Data API Reference¶
The opifex.data package provides Grain-based data loading infrastructure for scientific machine learning applications with JAX-native performance and efficient multi-process data pipelines.
🎯 Overview¶
Opifex uses Grain for high-performance data loading with:
- On-demand PDE solution generation: Generate data as needed, no pre-computation
- Lazy evaluation: Memory-efficient streaming for large datasets
- Multi-process parallel loading: Efficient CPU utilization with worker processes
- JAX-native pipelines: Seamless integration with JAX training loops
- Composable transforms: Modular data preprocessing and augmentation
- Automatic sharding: Distributed training support with
grain.ShardByJaxProcess
Architecture¶
Components:
- DataSource: Generates or loads individual samples (e.g.,
BurgersDataSource) - Sampler: Controls iteration order and sharding (e.g.,
IndexSampler) - Transforms: Process data (normalization, augmentation, spectral features)
- Batching: Combine samples into batches
- DataLoader: Orchestrates the entire pipeline with multi-processing
🏭 Factory Functions¶
Factory functions provide the simplest way to create configured data loaders for common PDE problems.
create_burgers_loader¶
Create a data loader for the Burgers equation: ∂u/∂t + u∂u/∂x = ν∂²u/∂x²
from opifex.data.loaders import create_burgers_loader
loader = create_burgers_loader(
n_samples=1000, # Number of PDE solutions
batch_size=32, # Batch size for training
resolution=64, # Spatial grid resolution
time_steps=5, # Number of time steps
viscosity_range=(0.01, 0.1), # Range for viscosity parameter
time_range=(0.0, 2.0), # Time integration range
dimension="2d", # "1d" or "2d"
shuffle=True, # Shuffle samples
seed=42, # Random seed
worker_count=4, # Parallel workers
enable_normalization=True, # Apply z-score normalization
enable_spectral=False, # Add FFT features
enable_augmentation=False, # Add noise augmentation
)
# Use in training loop
for batch in loader:
x = batch["input"] # Initial condition
y = batch["output"] # Solution trajectory
# Train model...
Parameters:
n_samples(int): Total dataset sizebatch_size(int): Training batch sizeresolution(int): Spatial discretization resolutiontime_steps(int): Number of time steps in trajectoryviscosity_range(tuple): Min/max viscosity for generationtime_range(tuple): Start/end time for integrationdimension(str): "1d" or "2d" problem dimensionshuffle(bool): Randomize sample orderseed(int): Random seed for reproducibilityworker_count(int): Number of parallel data loading workersenable_normalization(bool): Apply z-score normalizationnormalization_mean(float): Mean for normalization (default: 0.0)normalization_std(float): Std for normalization (default: 1.0)enable_spectral(bool): Add FFT features as additional inputenable_augmentation(bool): Add Gaussian noise for robustnessaugmentation_noise_level(float): Noise standard deviation (default: 0.01)

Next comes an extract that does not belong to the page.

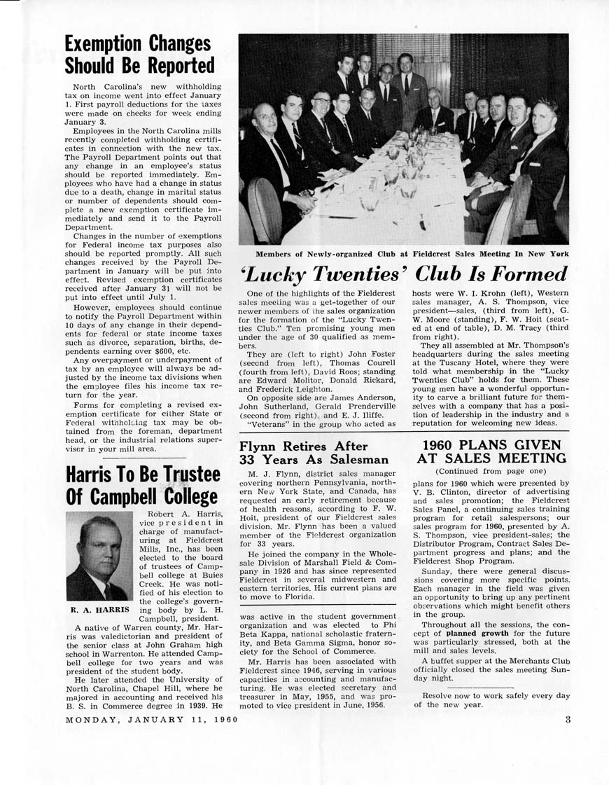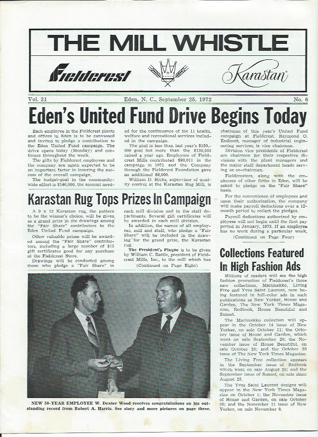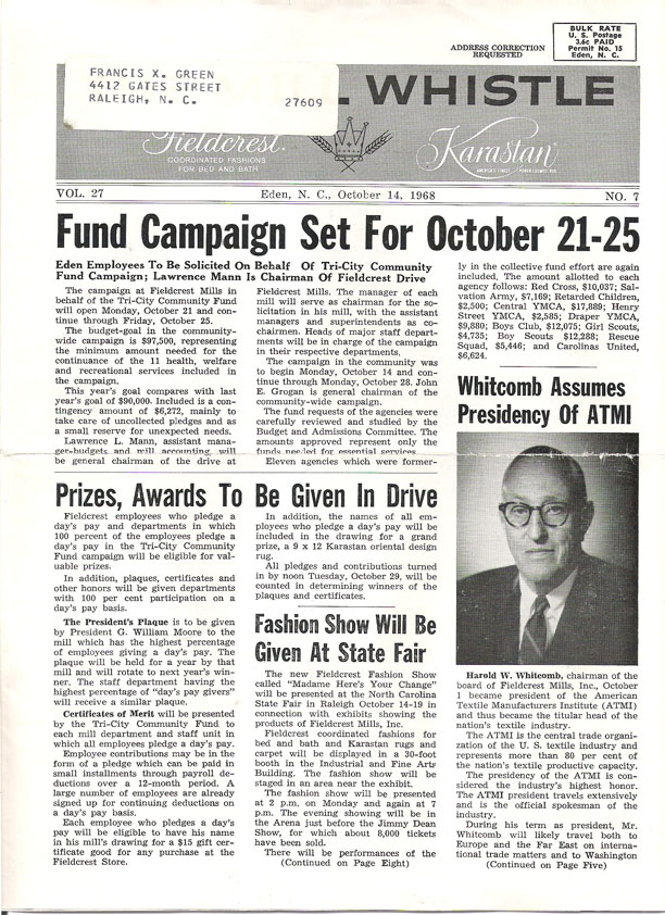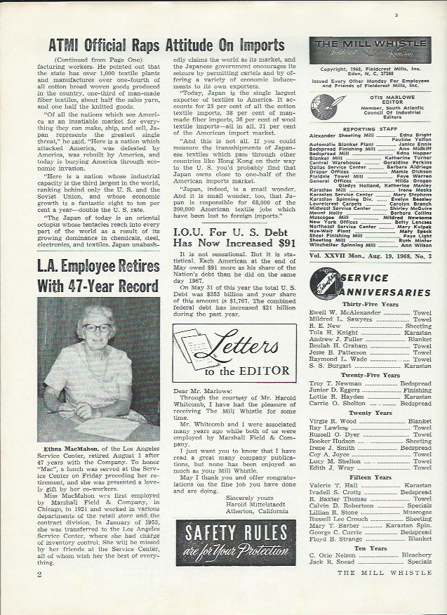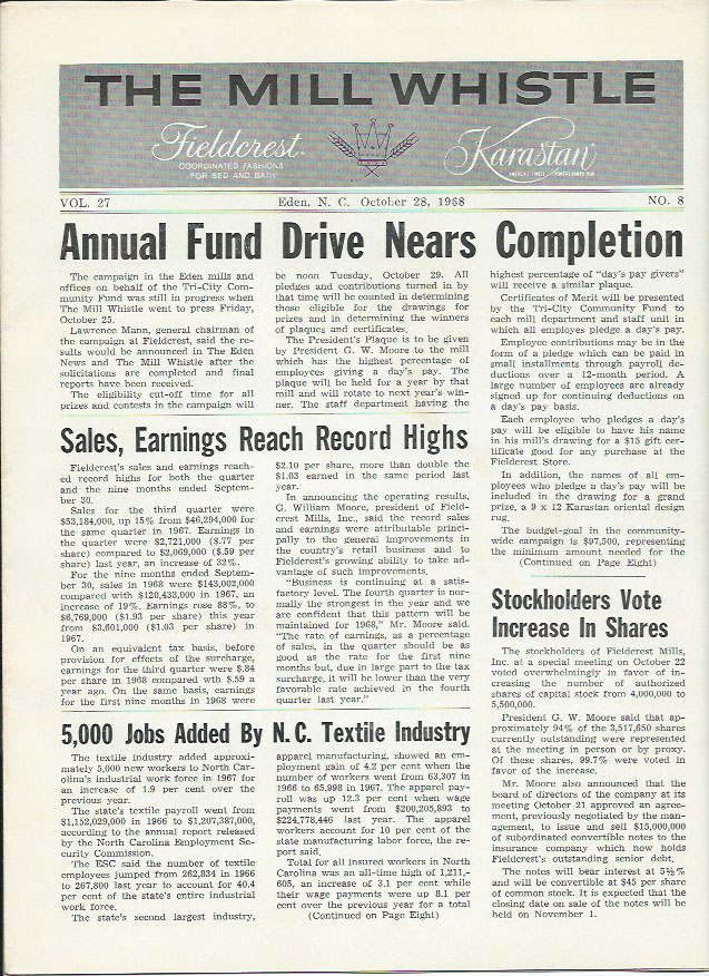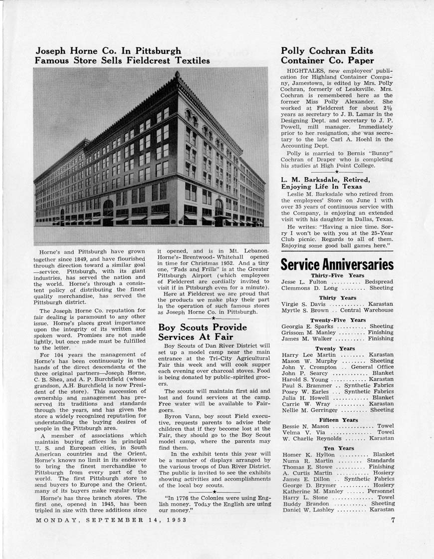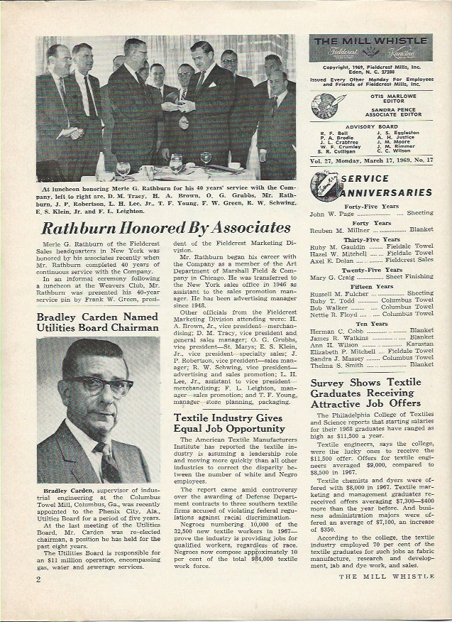Jim Riddle has contributed the following copies of The Mill Whistle, a publication of Marshall Field & Company, Inc., issued "Every Two Weeks By And For the Employees." Click on the links below to browse copies.

Returns: grain.DataLoader ready for iteration
create_darcy_loader¶
Create a data loader for Darcy flow: -∇·(a(x)∇u) = f
from opifex.data.loaders import create_darcy_loader
loader = create_darcy_loader(
n_samples=1000,
batch_size=32,
resolution=85, # Grid resolution (85×85)
viscosity_range=(0.5, 2.0), # Permeability coefficient range
shuffle=True,
seed=42,
worker_count=4,
enable_normalization=True,
)
for batch in loader:
permeability = batch["input"] # a(x) - permeability field
pressure = batch["output"] # u(x) - pressure field
Key Parameters:
resolution(int): Grid size (default: 85 for 85×85 grid)viscosity_range(tuple): Range for permeability coefficient- Other parameters same as
create_burgers_loader
create_diffusion_loader¶
Create a data loader for diffusion-advection: ∂u/∂t + v·∇u = κ∇²u
from opifex.data.loaders import create_diffusion_loader
loader = create_diffusion_loader(
n_samples=1000,
batch_size=32,
resolution=64,
time_steps=5,
shuffle=True,
seed=42,
worker_count=4,
)
create_shallow_water_loader¶
Create a data loader for shallow water equations (conservation of mass and momentum).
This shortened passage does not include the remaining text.